Dossier sommeil
Pourquoi un oreiller d’adulte ne convient pas à un enfant
Nuque plus courte, épaules plus étroites : la tête s’enfonce ou part en arrière. Dans les deux cas, la position est mauvaise.
Par Camille Roussel · Rédactrice sommeil
Mis à jour le · 12 modèles comparés
C’est le geste le plus banal du monde, et personne n’y voit de mal. L’enfant grandit, il quitte son lit à barreaux, et on lui passe un oreiller de la maison. Parfois un ancien oreiller d’adulte devenu trop mou pour nous, parfois un neuf, mais de format adulte.
Nous l’avons fait, vous l’avez probablement fait, et aucun vendeur de literie ne nous a jamais dit que c’était un problème.
Le problème n’est pourtant pas la taille de l’oreiller. C’est sa hauteur. Et la nuance n’est pas de vocabulaire : elle change complètement ce qu’il faut acheter.
Ce qu’un oreiller est censé combler
Posez-vous la question à l’envers.

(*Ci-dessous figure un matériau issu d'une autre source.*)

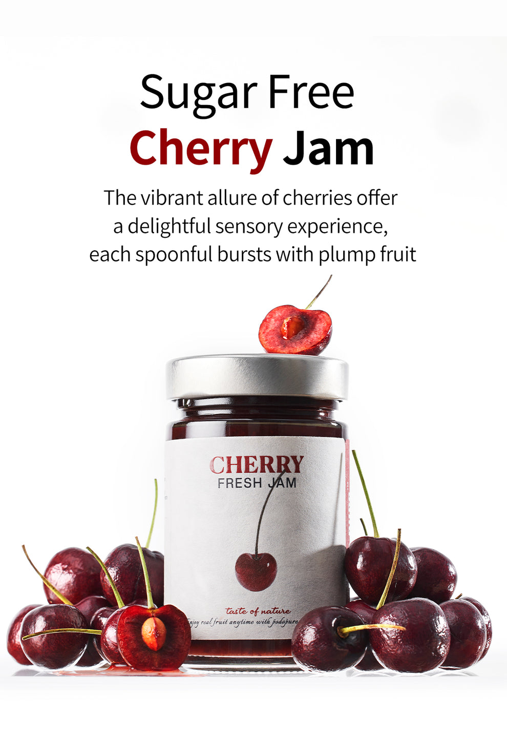 The vibrant allure of cherries comes to life in our sugar-free jam, offering a delightful sensory experience. Each spoonful bursts with plump fruit and sweet juice, delivering an explosion of fruity flavor and gratifying texture. With our sugar-free formula, relish in the sweetness of cherries while embracing the health-conscious journey of guilt-free enjoyment.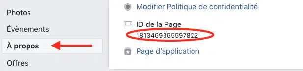 Il faut vous rendre sur les paramètres de la page Facebook concernée, vous retrouverez cet identifiant dans la section « À propos », comme indiqué sur la capture ci-dessous.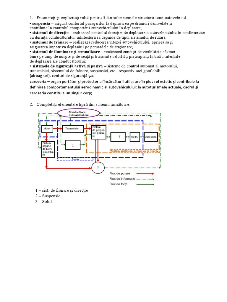 1. Enumerai i explicitai rolul pentru 5 din subsistemele structurii unui autovehicul.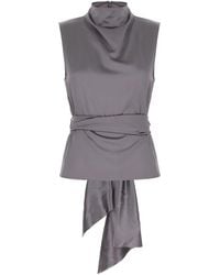 Go to FARFETCHLight beige front lace-up fastening classic collar long sleeves Size: 40. Gender: Female. Material:Elastane/Silk. Color: natural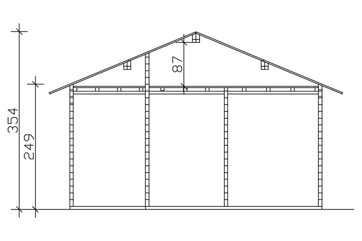 - Kész faház gerincmagassága 348 cm; Hétvégiház oldalfal magassága 249 cm / mindkét falvastagság esetén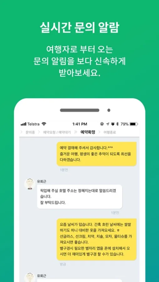 2. 실시간으로 여행자와 대화 할 수 있습니다.
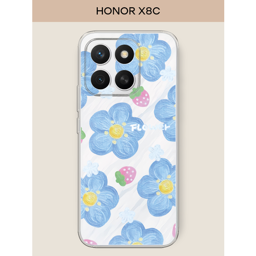 Чехол на Honor X8c / Хонор X8c с принтом Цветы и клубники, прозрачный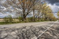 the street in front of some trees is empty and deserted during the day there are trees to the right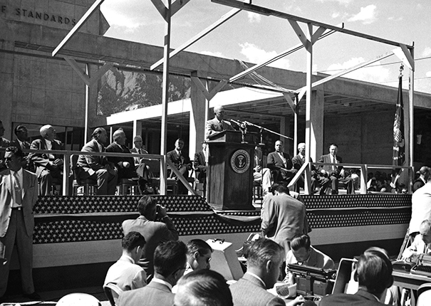 Figure 5. President Dwight Eisenhower dedicated Boulder’s new National Bureau of Standards laboratories on 14 September 1954. The labs contributed significantly to the city’s being a center of scientific activity during the International Geophysical Year, 1957–58. (Courtesy of NIST archives.)
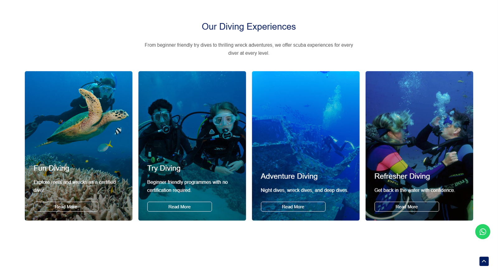 We created a clear, welcoming space with strong visuals and carefully written content. Each dive site, course, and package is explained with simplicity and flow, helping visitors feel informed and excited for their underwater adventure.

À quoi sert un oreiller, mécaniquement ?
À rien du tout quand on dort sur le dos, ou presque : la tête repose déjà dans l’axe. Il sert quand on dort sur le côté, et il sert à combler le creux qui apparaît alors entre l’oreille et l’épaule. Ce creux, c’est la largeur de l’épaule. Sans rien dedans, la tête tombe vers le matelas et le cou plie.

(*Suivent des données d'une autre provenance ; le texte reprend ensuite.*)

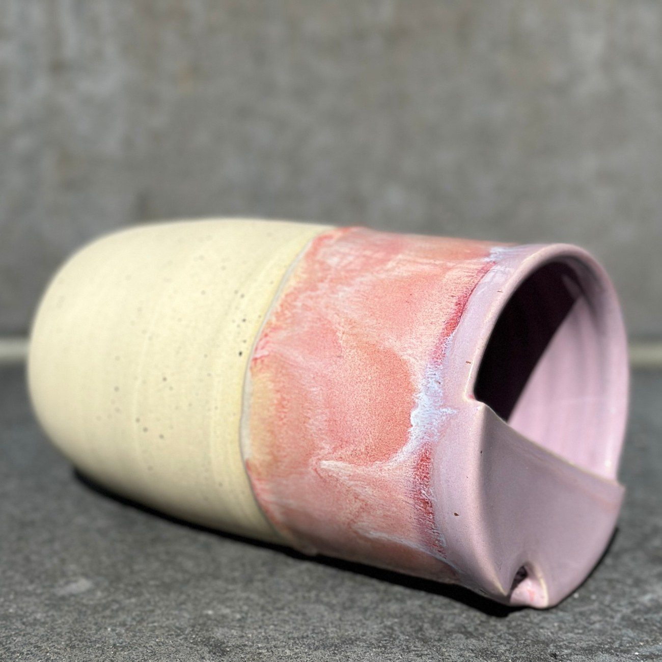 Auf der Töpferscheibe gedrehter Becher aus Steinzeug, glasiert und bei über 1200 Grad Celsius gebrannt. Jedes Stück ist ein Unikat – hergestellt in aufwändiger Handarbeit und bis ins kleinste Detail perfektioniert. Handwäsche empfohlen. Innenglasur: weiß glänzend. Alle verwendeten Glasuren sind essgeschirrgeeignet, für meine Produkte verwende ich ausschließlich Glasuren, die explizit für den Kontakt mit Lebensmitteln produziert worden sind. Das Fassungsvermögen des Travel-Cups liegt bei gut 580 Millilitern. Die Cups der Glasurenkollektion weichen voneinander leicht in Form und Größe ab.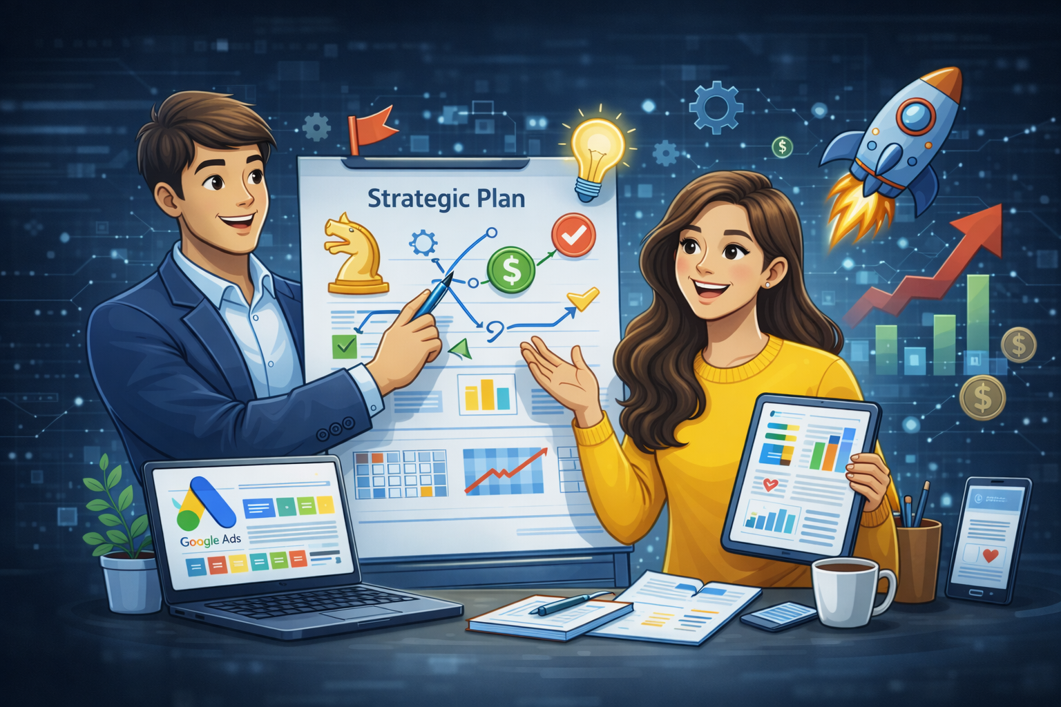 We analyze your existing Google Ads account (or competitive research if you’re starting from scratch). Identify wasted spend, missed opportunities, and quick wins.

Chez un adulte, ce creux fait une bonne dizaine de centimètres, parce que les épaules sont larges. Chez un enfant de cinq ans, il en fait cinq ou six. C’est le rapport du simple au double, et il ne s’agit pas d’une préférence de confort : c’est de la géométrie.
Un oreiller d’adulte posé sous la tête d’un enfant comble donc un creux deux fois plus grand que celui qui existe. La tête est poussée vers le haut, le cou plie dans l’autre sens, et cette position est tenue dix heures par nuit, pendant les années où le corps se construit.
L’autre cas de figure, celui du vieil oreiller mou et aplati, produit l’effet inverse et le même résultat : la tête s’enfonce, part en arrière, la gorge se tend, la bouche s’ouvre.
Le creux à combler, du petit à l’adulte
La hauteur utile suit la largeur d’épaule, pas l’âge sur l’étiquette. Un enfant grand pour son âge a besoin de plus.
| Qui | Creux oreille-épaule | Hauteur d’oreiller utile |
|---|---|---|
| Enfant de 2 à 5 ans | faible | ≈ 6 cm |
| Enfant de 6 à 9 ans | moyen | ≈ 8 cm |
| Enfant de 10 ans et plus | marqué | ≈ 10 cm |
| Adulte | large | 11 à 14 cm selon la carrure |
C’est ce tableau qui explique pourquoi un format unique vendu de 1 à 14 ans ne peut pas fonctionner : il faudrait qu’un même objet fasse 6 cm et 10 cm à la fois.
Un oreiller pour enfant n’est pas un oreiller d’adulte en plus petit
C’est le point sur lequel nous voudrions être le plus clairs, parce que c’est celui qui trompe le plus de monde au moment d’acheter.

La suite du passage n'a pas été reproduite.